*** Listed entries
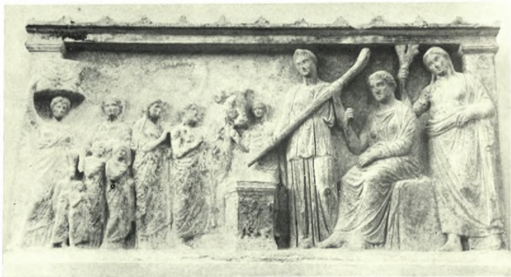
Βραυρών: α. Ἀνάγλυφον με παράστασιν προσκυνητῶν προσελθόντων εἰς τὸν βωμὸν τῆς Ἀρτέμιδος, παρὰ τὸν ὅποιον ἵσταται ἡ θεά, β. Ἀνάγλυφον με παράστασιν προσκυνητῶν προσελθόντων εἰς τὸν βωμὸν τῆς Ἀρτέμιδος, παρὰ τὸν ὅποιον ἡ Ἄρτεμις, ἡ Λητώ καὶ ὁ Ἀπόλλων
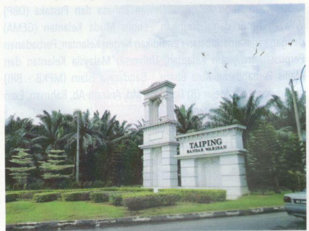
Taiping dikenali sebagai Bandar Warisan.

Jerman, Asian Ecotourism Network, Thailand, Ecotourism Australia, The Long Run, United Kingdom dan Linking Tourism & Conservation (LT&C), Norway.
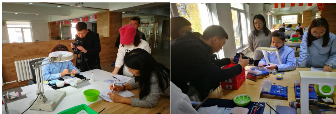
图 11 在沈阳金赛义齿制作中心录制网络课程
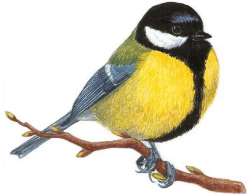
MESANGE mésange mésange
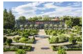
AnsRes.V, Heilkräutergarten mit Citrushaus, DI005708, BSV
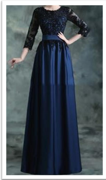
アフタヌーンドレス 昼の正礼装
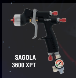
SAGOLA 3600 XPT
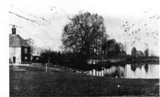
Boerderij 'Kolkenstein' met achter de kolk de kerk van Terwolde (1922).
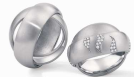
Design: Jörg Kaiser

Derzeit sind vor allem die klaren Designs beliebt, sowohl bei Verlobungs- als auch bei Trauringen, wobei manche schwarze Diamanten schmücken und hochglänzende Oberflächen die Form
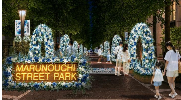
▲Block1（三菱商事ビル・郵船ビル・丸ビル前）展開イメージ・夜
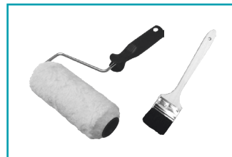
Roller / pensel
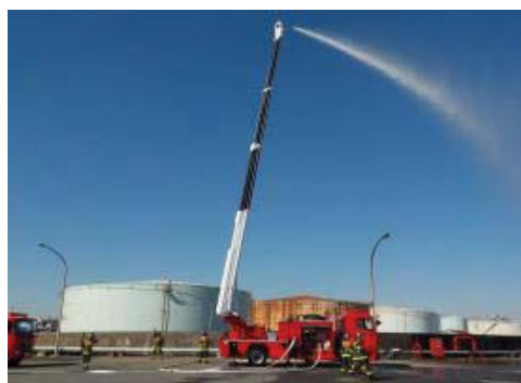
石 油 コ ン ビ ナ ー ト 区 域 で の 事 業 所 の 訓 練
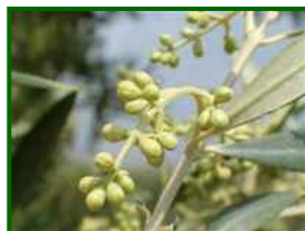
Estado fenológico "D3"

Según la Agencia Estatal de Meteorología (AEMET) , la semana del 12 al 18 de mayo de 2025 en la provincia de Córdoba se caracterizará por cielos mayormente despejados y temperaturas agradables. Las máximas oscilarán entre 24 °C y 28 °C, mientras que las mínimas se situarán entre 10 °C y 13 °C. La humedad relativa variará entre el 45 % y el 70 %, siendo más elevada durante las madrugadas y en zonas de valle. El viento soplará predominantemente del oeste y noroeste, con velocidades medias de 10 a 20 km/h y rachas máximas que podrían alcanzar los 30 km/h. La probabilidad de precipitaciones será baja durante la mayor parte de la semana, aunque no se descartan lluvias débiles y dispersas hacia el fin de semana, especialmente en áreas de sierra.
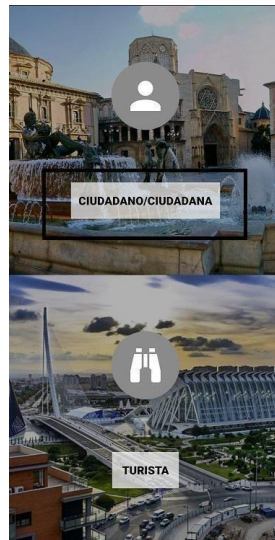
Selecció tipus d'usuari.

Una vegada oberta l'aplicació es mostrarà la pantalla de selecció d'usuari/a.
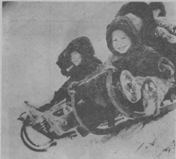
По первому снегу.
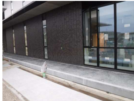
信楽焼きタイルを外装に使用
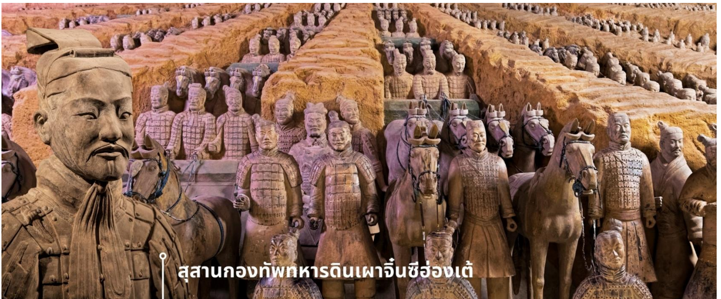
สุสานกองทัพทหารดินเผาจีนซีฮ่องเต้

คัมภีร์ของพระองค์ในโลกหน้า สุสานและกองทัพทหารดินเผาที่จึงเปรียบเสมือนการสะท้อนอำนาจของพระองค์ในยุคที่ยังมีชีวิต รวมถึงเป็นสัญลักษณ์แห่งความทะเยอทะยานของพระองค์ที่ไม่สิ้นสุดแม้ในความตาย สุสานกองทัพทหารดินเผาถูกค้นพบในปี ค.ศ. 1974 โดยชาวนาที่ขุดบ่อน้ำในเขตซีอาน มณฑลส่านซี หลังการค้นพบครั้งนั้น การขุดค้นและวิจัยทางโบราณคดีก็เริ่มต้นขึ้น ซึ่งทั้งหมดถูกจัดเรียงอย่างเป็นระเบียบในพื้นที่สุสานขนาดใหญ่ ภายในใช้เป็นสถานที่บรรจุพระบรมศพจีนซีฮ่องเต้ รวมไปถึงกองทัพทหารดินเผาที่มีจำนวนมากกว่า 8,000 ตัว แต่ละตัวมีขนาดเท่าคนจริง และยังมีม้าดินเผาอีกกว่า 600 ตัว พร้อมรถม้า และอาวุธต่าง ๆ ความน่าทึ่งอีกอย่างก็คือ ทหารดินเผาแต่ละตัวถูกปั้นขึ้นด้วยมือและมีรายละเอียดแตกต่างกันไป เช่น สีหน้า ทรงผม และเครื่องแต่งกาย ซึ่งสะท้อนยศและบทบาทของแต่ละคนในกองทัพ รวมถึงการเคลือบสีเพื่อให้รูปปั้นคงทนยาวนาน ซึ่งในปัจจุบัน สุสานแห่งนี้มีขนาดใหญ่ พื้นที่มากกว่า 56 ตารางกิโลเมตร ยังมีหลุมฝังศพหลัก และหลุมย่อยอีกมากมายที่ยังไม่ได้ถูกขุดค้น
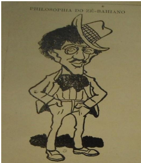
IMAGEM 1: “Filosofia do Zé Baiano”

Autor: não identificado - Fonte: Revista do Brasil , Salvador, 20 ago. 1909. BPEB. Setor: Periódicos Raros. Acervo: Revistas.
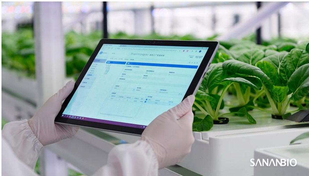
种植者可通过 PlantKeeper™ 监管植物工厂内环境
******
_Your objective_.
Could you please return each line of the material exactly, dropping the pictures?

_Response for this exercise_.
Βραυρών: α. Ἀνάγλυφον με παράστασιν προσκυνητῶν προσελθόντων εἰς τὸν βωμὸν τῆς Ἀρτέμιδος, παρὰ τὸν ὅποιον ἵσταται ἡ θεά, β. Ἀνάγλυφον με παράστασιν προσκυνητῶν προσελθόντων εἰς τὸν βωμὸν τῆς Ἀρτέμιδος, παρὰ τὸν ὅποιον ἡ Ἄρτεμις, ἡ Λητώ καὶ ὁ Ἀπόλλων
Taiping dikenali sebagai Bandar Warisan.

Jerman, Asian Ecotourism Network, Thailand, Ecotourism Australia, The Long Run, United Kingdom dan Linking Tourism & Conservation (LT&C), Norway.
图 11 在沈阳金赛义齿制作中心录制网络课程
MESANGE mésange mésange
AnsRes.V, Heilkräutergarten mit Citrushaus, DI005708, BSV
アフタヌーンドレス 昼の正礼装
SAGOLA 3600 XPT
Boerderij 'Kolkenstein' met achter de kolk de kerk van Terwolde (1922).
Design: Jörg Kaiser

Derzeit sind vor allem die klaren Designs beliebt, sowohl bei Verlobungs- als auch bei Trauringen, wobei manche schwarze Diamanten schmücken und hochglänzende Oberflächen die Form
▲Block1（三菱商事ビル・郵船ビル・丸ビル前）展開イメージ・夜
Roller / pensel
石 油 コ ン ビ ナ ー ト 区 域 で の 事 業 所 の 訓 練
Estado fenológico "D3"

Según la Agencia Estatal de Meteorología (AEMET) , la semana del 12 al 18 de mayo de 2025 en la provincia de Córdoba se caracterizará por cielos mayormente despejados y temperaturas agradables. Las máximas oscilarán entre 24 °C y 28 °C, mientras que las mínimas se situarán entre 10 °C y 13 °C. La humedad relativa variará entre el 45 % y el 70 %, siendo más elevada durante las madrugadas y en zonas de valle. El viento soplará predominantemente del oeste y noroeste, con velocidades medias de 10 a 20 km/h y rachas máximas que podrían alcanzar los 30 km/h. La probabilidad de precipitaciones será baja durante la mayor parte de la semana, aunque no se descartan lluvias débiles y dispersas hacia el fin de semana, especialmente en áreas de sierra.
Selecció tipus d'usuari.

Una vegada oberta l'aplicació es mostrarà la pantalla de selecció d'usuari/a.
По первому снегу.
信楽焼きタイルを外装に使用
สุสานกองทัพทหารดินเผาจีนซีฮ่องเต้

คัมภีร์ของพระองค์ในโลกหน้า สุสานและกองทัพทหารดินเผาที่จึงเปรียบเสมือนการสะท้อนอำนาจของพระองค์ในยุคที่ยังมีชีวิต รวมถึงเป็นสัญลักษณ์แห่งความทะเยอทะยานของพระองค์ที่ไม่สิ้นสุดแม้ในความตาย สุสานกองทัพทหารดินเผาถูกค้นพบในปี ค.ศ. 1974 โดยชาวนาที่ขุดบ่อน้ำในเขตซีอาน มณฑลส่านซี หลังการค้นพบครั้งนั้น การขุดค้นและวิจัยทางโบราณคดีก็เริ่มต้นขึ้น ซึ่งทั้งหมดถูกจัดเรียงอย่างเป็นระเบียบในพื้นที่สุสานขนาดใหญ่ ภายในใช้เป็นสถานที่บรรจุพระบรมศพจีนซีฮ่องเต้ รวมไปถึงกองทัพทหารดินเผาที่มีจำนวนมากกว่า 8,000 ตัว แต่ละตัวมีขนาดเท่าคนจริง และยังมีม้าดินเผาอีกกว่า 600 ตัว พร้อมรถม้า และอาวุธต่าง ๆ ความน่าทึ่งอีกอย่างก็คือ ทหารดินเผาแต่ละตัวถูกปั้นขึ้นด้วยมือและมีรายละเอียดแตกต่างกันไป เช่น สีหน้า ทรงผม และเครื่องแต่งกาย ซึ่งสะท้อนยศและบทบาทของแต่ละคนในกองทัพ รวมถึงการเคลือบสีเพื่อให้รูปปั้นคงทนยาวนาน ซึ่งในปัจจุบัน สุสานแห่งนี้มีขนาดใหญ่ พื้นที่มากกว่า 56 ตารางกิโลเมตร ยังมีหลุมฝังศพหลัก และหลุมย่อยอีกมากมายที่ยังไม่ได้ถูกขุดค้น
IMAGEM 1: “Filosofia do Zé Baiano”

Autor: não identificado - Fonte: Revista do Brasil , Salvador, 20 ago. 1909. BPEB. Setor: Periódicos Raros. Acervo: Revistas.
种植者可通过 PlantKeeper™ 监管植物工厂内环境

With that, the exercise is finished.